A full, exact copy of the listing is needed, with images omitted.

> **COLLECTED DATA**:

####

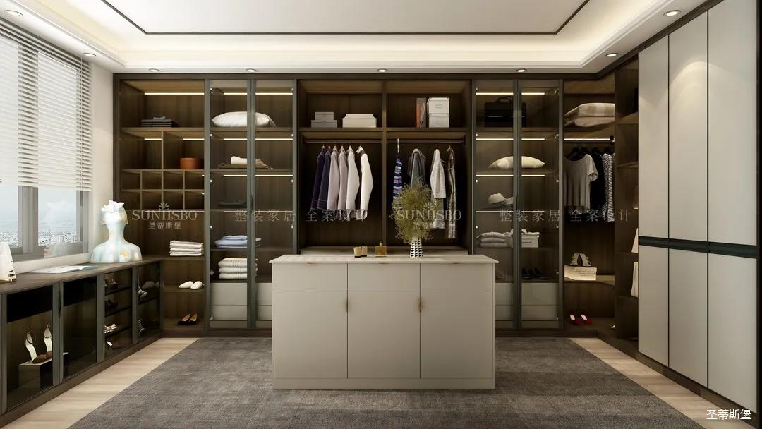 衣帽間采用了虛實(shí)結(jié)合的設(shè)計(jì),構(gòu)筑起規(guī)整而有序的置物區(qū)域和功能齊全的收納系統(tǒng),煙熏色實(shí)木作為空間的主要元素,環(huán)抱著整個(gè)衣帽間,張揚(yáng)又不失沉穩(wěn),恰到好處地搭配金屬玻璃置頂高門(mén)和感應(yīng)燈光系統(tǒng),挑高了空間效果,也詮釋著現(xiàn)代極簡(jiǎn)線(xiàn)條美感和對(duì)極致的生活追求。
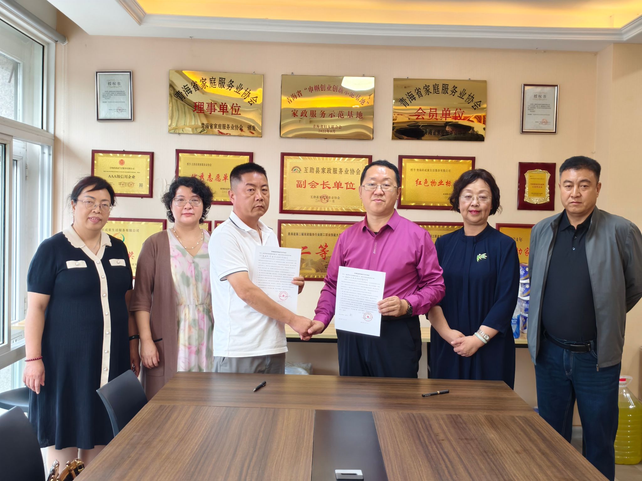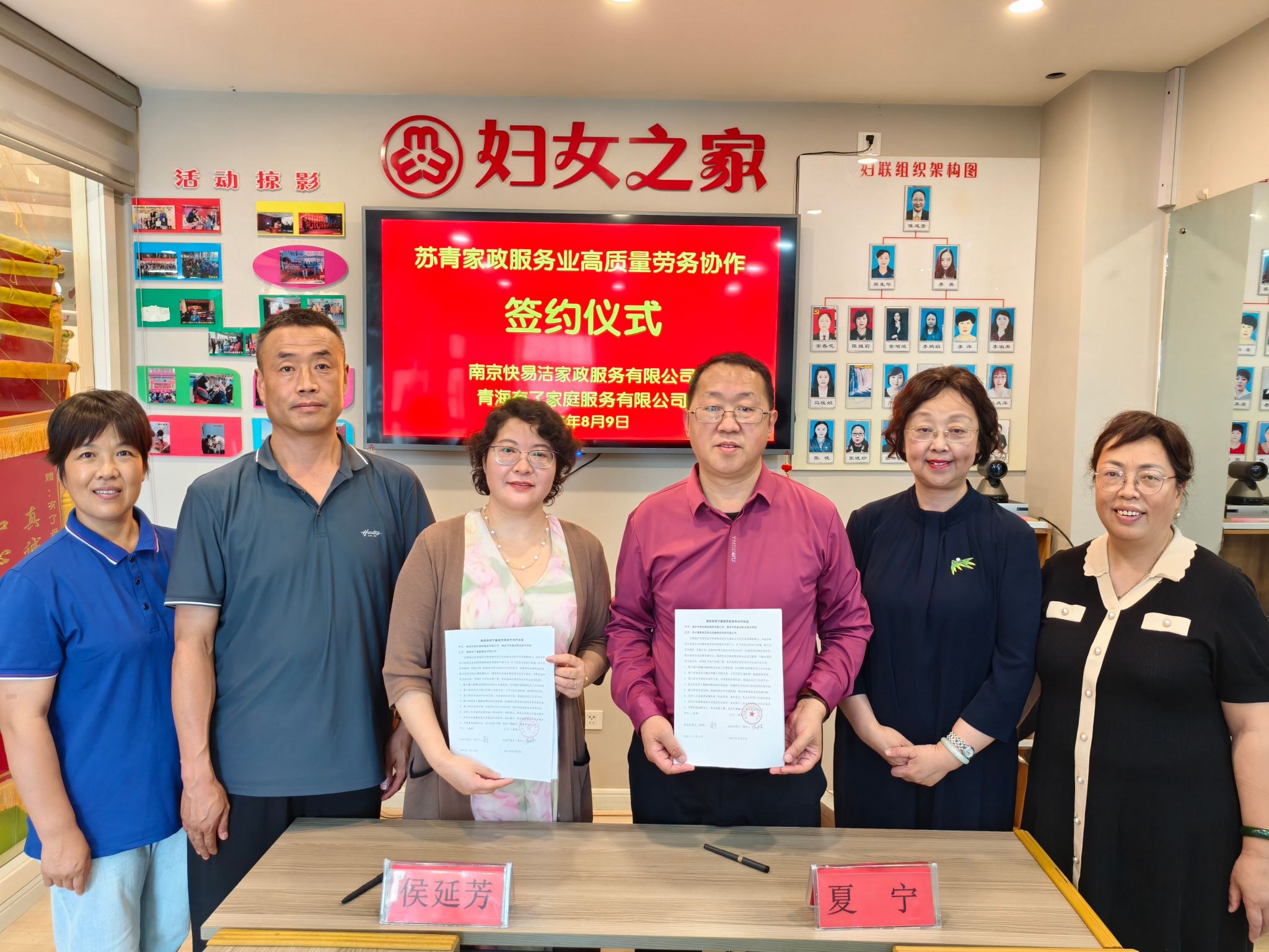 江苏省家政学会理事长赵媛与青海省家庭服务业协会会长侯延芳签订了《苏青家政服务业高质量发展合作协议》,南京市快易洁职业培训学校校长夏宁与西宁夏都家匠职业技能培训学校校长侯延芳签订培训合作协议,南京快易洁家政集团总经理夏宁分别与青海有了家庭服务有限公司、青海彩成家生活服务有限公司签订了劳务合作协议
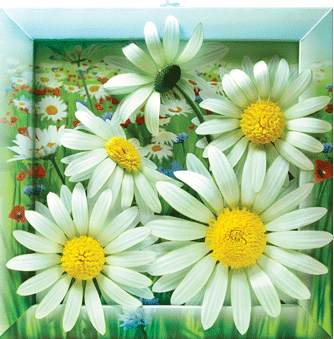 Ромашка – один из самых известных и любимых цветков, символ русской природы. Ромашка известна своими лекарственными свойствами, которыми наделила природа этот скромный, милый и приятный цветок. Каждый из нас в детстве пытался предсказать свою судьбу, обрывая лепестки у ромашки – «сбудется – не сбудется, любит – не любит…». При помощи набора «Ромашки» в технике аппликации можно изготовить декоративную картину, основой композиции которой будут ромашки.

####

> **ANSWER BOX**:
 衣帽間采用了虛實(shí)結(jié)合的設(shè)計(jì),構(gòu)筑起規(guī)整而有序的置物區(qū)域和功能齊全的收納系統(tǒng),煙熏色實(shí)木作為空間的主要元素,環(huán)抱著整個(gè)衣帽間,張揚(yáng)又不失沉穩(wěn),恰到好處地搭配金屬玻璃置頂高門(mén)和感應(yīng)燈光系統(tǒng),挑高了空間效果,也詮釋著現(xiàn)代極簡(jiǎn)線(xiàn)條美感和對(duì)極致的生活追求。
 江苏省家政学会理事长赵媛与青海省家庭服务业协会会长侯延芳签订了《苏青家政服务业高质量发展合作协议》,南京市快易洁职业培训学校校长夏宁与西宁夏都家匠职业技能培训学校校长侯延芳签订培训合作协议,南京快易洁家政集团总经理夏宁分别与青海有了家庭服务有限公司、青海彩成家生活服务有限公司签订了劳务合作协议
 Ромашка – один из самых известных и любимых цветков, символ русской природы. Ромашка известна своими лекарственными свойствами, которыми наделила природа этот скромный, милый и приятный цветок. Каждый из нас в детстве пытался предсказать свою судьбу, обрывая лепестки у ромашки – «сбудется – не сбудется, любит – не любит…». При помощи набора «Ромашки» в технике аппликации можно изготовить декоративную картину, основой композиции которой будут ромашки.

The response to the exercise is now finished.